NEW YORK — Theological conservatives upset by liberal views of U.S. Episcopalians and Canadian Anglicans formed a rival North American province Wednesday, in a long-developing rift over the Bible that erupted when Episcopalians consecrated the first openly gay bishop.
The announcement represents a new challenge to the already splintering, 77-million-member world Anglican fellowship and the authority of its spiritual leader, Archbishop of Canterbury Rowan Williams. He has been striving for years to find a compromise that would keep Anglicans together.
The new Anglican Church in North America includes four breakaway Episcopal dioceses, dozens of individual parishes in the U.S. and Canada, and splinter groups that left the Anglican family years, or in one case, more than a century ago.

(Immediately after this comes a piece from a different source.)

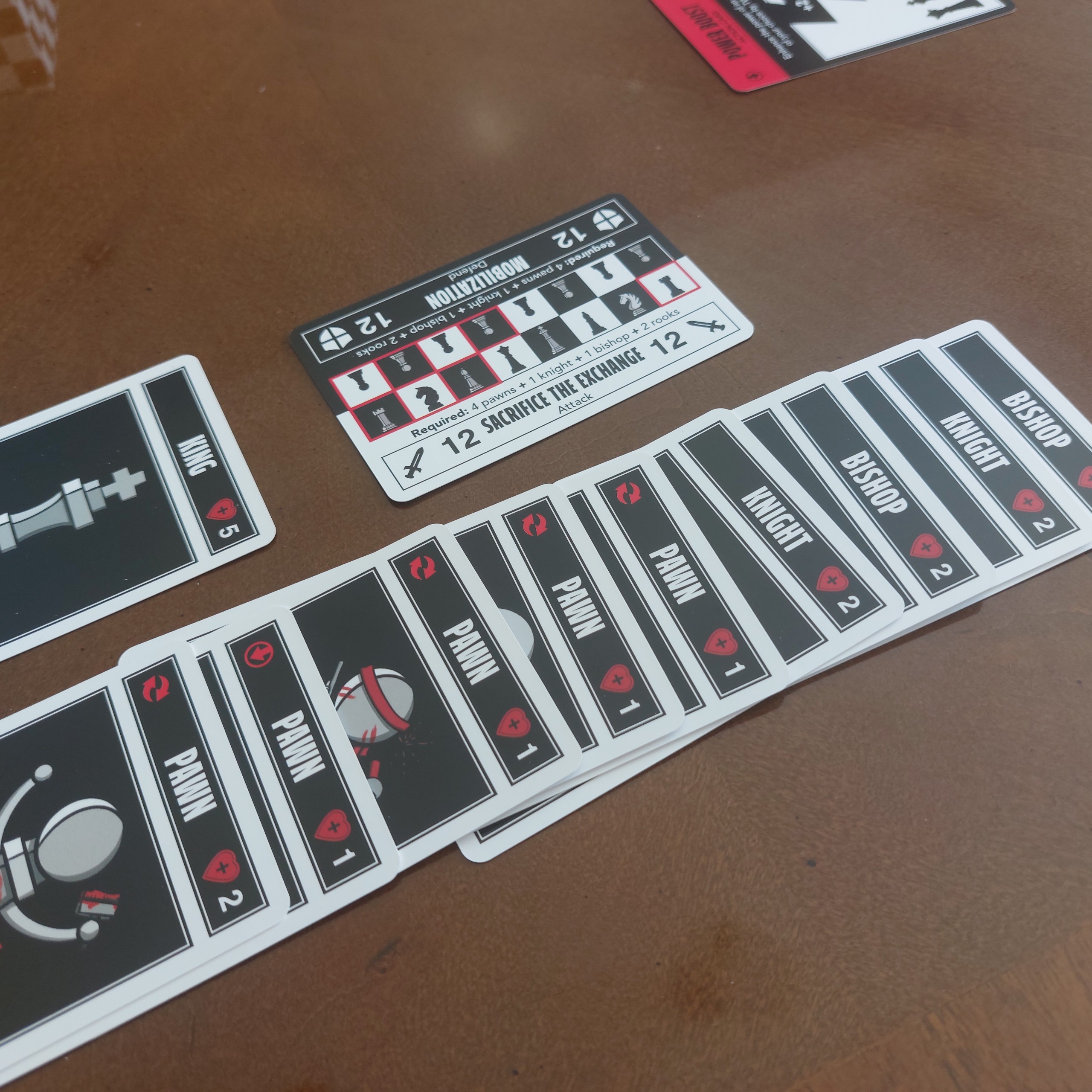 To play an attack card, you need to have the pieces if your army as specified on the card. Your opponent then has the opportunity to play a defense card, and they must play a defense card if they can. I’m not sure on the must, but it works, i guess its to prevent intentional sacrifice of pieces? Afterwhich, you compare attack and defense values, with a stalemate meaning everyone loses all their mobilised pieces and attack and defend cards. When a player loses, they lose hit points equal to the power value on the attack or defend card, each unit has a hit point value and the total hit point value discarded must equal or be greater than the power value. Meaning if you’ve only got super strong units and lose a battle, you could find yourself losing those vital pieces of your army as you forgot your cannon fodder! But herein lies my first rules ambiguity, one section if the rulebook refers to losing mobilised pieces, another part refers to losing pieces ensuring their hit point value equals the power value of the attack or defence. I’ve assumed it’s the later and we just lose pieces rather than mobilised pieces.

It is unprecedented for an Anglican national province to be created where any other such national church already exists. But traditionalists say the new group is needed to represent the true historic tradition of Anglican Christianity.

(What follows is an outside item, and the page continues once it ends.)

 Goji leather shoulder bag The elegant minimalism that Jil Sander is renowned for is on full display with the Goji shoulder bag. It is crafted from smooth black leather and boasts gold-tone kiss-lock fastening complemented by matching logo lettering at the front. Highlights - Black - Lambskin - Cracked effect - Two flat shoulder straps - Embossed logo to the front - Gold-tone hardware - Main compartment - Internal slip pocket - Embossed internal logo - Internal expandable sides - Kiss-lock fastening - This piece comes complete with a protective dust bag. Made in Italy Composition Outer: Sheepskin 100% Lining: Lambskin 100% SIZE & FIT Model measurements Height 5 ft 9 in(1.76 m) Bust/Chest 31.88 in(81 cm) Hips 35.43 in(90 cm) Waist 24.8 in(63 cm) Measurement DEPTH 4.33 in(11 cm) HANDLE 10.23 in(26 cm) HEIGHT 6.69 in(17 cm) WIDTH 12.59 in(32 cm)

Bishop Robert Duncan, who leads the breakaway Diocese of Pittsburgh, is the proposed new leader of the new North American province, which says it has 100,000 members.
The Rev. Charles Robertson, adviser to Episcopal Presiding Bishop Katharine Jefferts Schori, said “there is room within the Episcopal Church for people with different views and we regret that some have felt the need to depart from the diversity of our common life in Christ.”